Find the largest positive real root

[anemone]

Find the largest positive real solution to the equation $7x\sqrt{x+1}-3=2x^2+3x$.

 

[Opalg]

Spoiler

$7x\sqrt{x+1} = 2x^2+3x + 3$. Square both sides: $49x^2(x+1) = \bigl(2x^2+3x + 3\bigr)^2 = 4x^4 + 12x^3 + 21x^2 + 18x + 9$, so that $4x^4 - 37x^3 - 28x^2 + 18x + 9 = 0.$ That factorises as $\bigl(x^2 - 9x - 9\bigr)\bigl(4x^2 - x - 1\bigr) = 0.$ The positive roots are $\frac12\bigl(9+3\sqrt{13}\bigr)$ and $\frac18\bigl(1+ \sqrt{17}\bigr)$. The first of those is the larger. But it came from squaring the original equation, so we have to check that it satisfies that equation and was not introduced by squaring.
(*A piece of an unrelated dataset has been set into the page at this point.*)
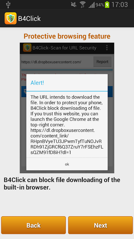 ✔ With its protective browsing feature, B4Click can block file downloading of the built-in browser. This feature is very useful when you occasionally surf malicious websites that force an app download without your consent.

It does satisfy the original equation, so the answer is $\frac12\bigl(9+3\sqrt{13}\bigr) \approx 9.908.$

 

[anemone]

Spoiler

$7x\sqrt{x+1} = 2x^2+3x + 3$. Square both sides: $49x^2(x+1) = \bigl(2x^2+3x + 3\bigr)^2 = 4x^4 + 12x^3 + 21x^2 + 18x + 9$, so that $4x^4 - 37x^3 - 28x^2 + 18x + 9 = 0.$ That factorises as $\bigl(x^2 - 9x - 9\bigr)\bigl(4x^2 - x - 1\bigr) = 0.$ The positive roots are $\frac12\bigl(9+3\sqrt{13}\bigr)$ and $\frac18\bigl(1+ \sqrt{17}\bigr)$. The first of those is the larger. But it came from squaring the original equation, so we have to check that it satisfies that equation and was not introduced by squaring. It does satisfy the original equation, so the answer is $\frac12\bigl(9+3\sqrt{13}\bigr) \approx 9.908.$

Thank you for participating, Opalg...your answer is correct and your method is neat.